There are several limitations to this study. First, since the patient did not present with symptoms of MH, the clinical effects of the hypersensitivity caused by the RYR1 mutation could not be evaluated. Second, further genetic tests of the family are required to clarify the details of the mutation’s inheritance. The criteria of the EMHG for genetic testing of MH susceptibility require genetic characterization that includes co-segregation of the mutation with the disease in at least two pedigrees. Another report in a second family must be published to meet the EMHG criteria for confirming that this mutation causes MH susceptibility.

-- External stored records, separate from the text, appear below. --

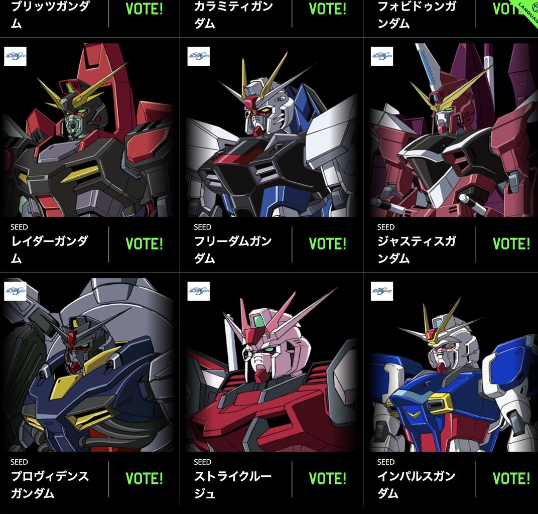 投票の対象となるのは同ウェブサイトに収録済みの「宇宙世紀シリーズ」および「オルタナティブシリーズ」に分類されるアニメーション作品(一部を除く)のなかから、独自の基準で選ばれた「ガンダム」です。
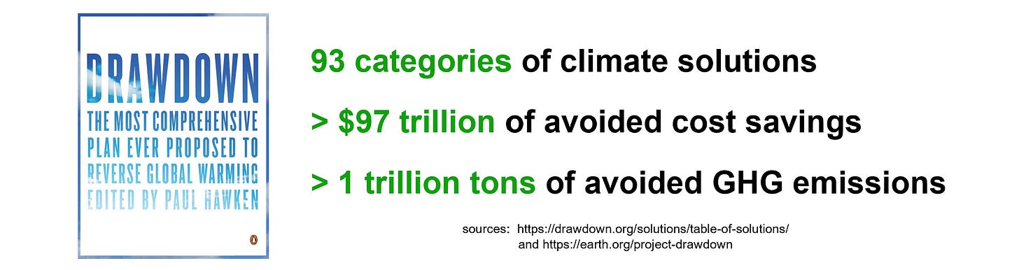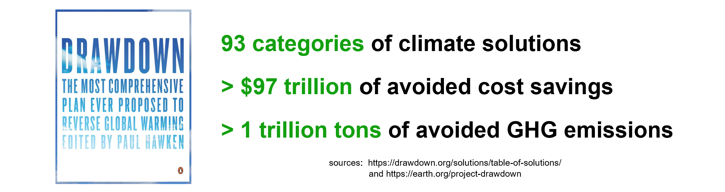 Drawdown estimated those 93 categories of climate solutions – when widely adopted -- to deliver more than $97 trillion of avoided cost savings (cost savings benefits) and more than 1 trillion tons of avoided and/or sequestered greenhouse gas emissions (climate-crisis-reversing benefits) …
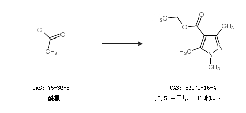 1.通过乙酰氯合成1,3,5-三甲基-1-H-吡唑-4-甲酸乙酯
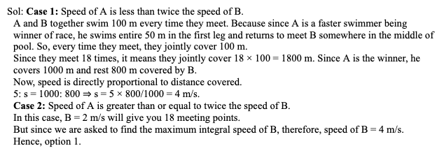 Q68. A and B start a race of 1000 m simultaneously from the same end of a swimming pool whose length is 50 m. A beats B and meets him exactly 18 times during the course of the race. If A’s speed is 5 m/s, then the maximum integral speed of B (in m/s) will be:
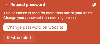 The issue is, when I go into "Show Ignored Alerts" and click on the same wifi password, the displayed warning changes. It now displays a "Reused password" alert. When I search for the password in 1Password the only account that comes up is this one, so the password has definitely not been reused. I have made sure the search was not limited to one collection. For several reasons, even before searching I found it highly unlikely that this password would have been listed elsewhere on my account.
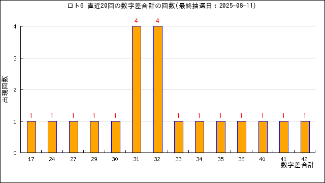 過去20回の数字差の合計の出現回数をグラフにしました。

In conclusion, we performed genetic and functional analysis of the RYR1 mutation p.Thr84Met. The mutation was inherited, and RYR1 responsivity to caffeine and 4CmC was higher in myotubes derived from the patient and in p.Thr84Met RYR1-transfected HEK-293 cells than in control cells. This RYR1 hypersensitivity indicates that the mutation was associated with MH susceptibility.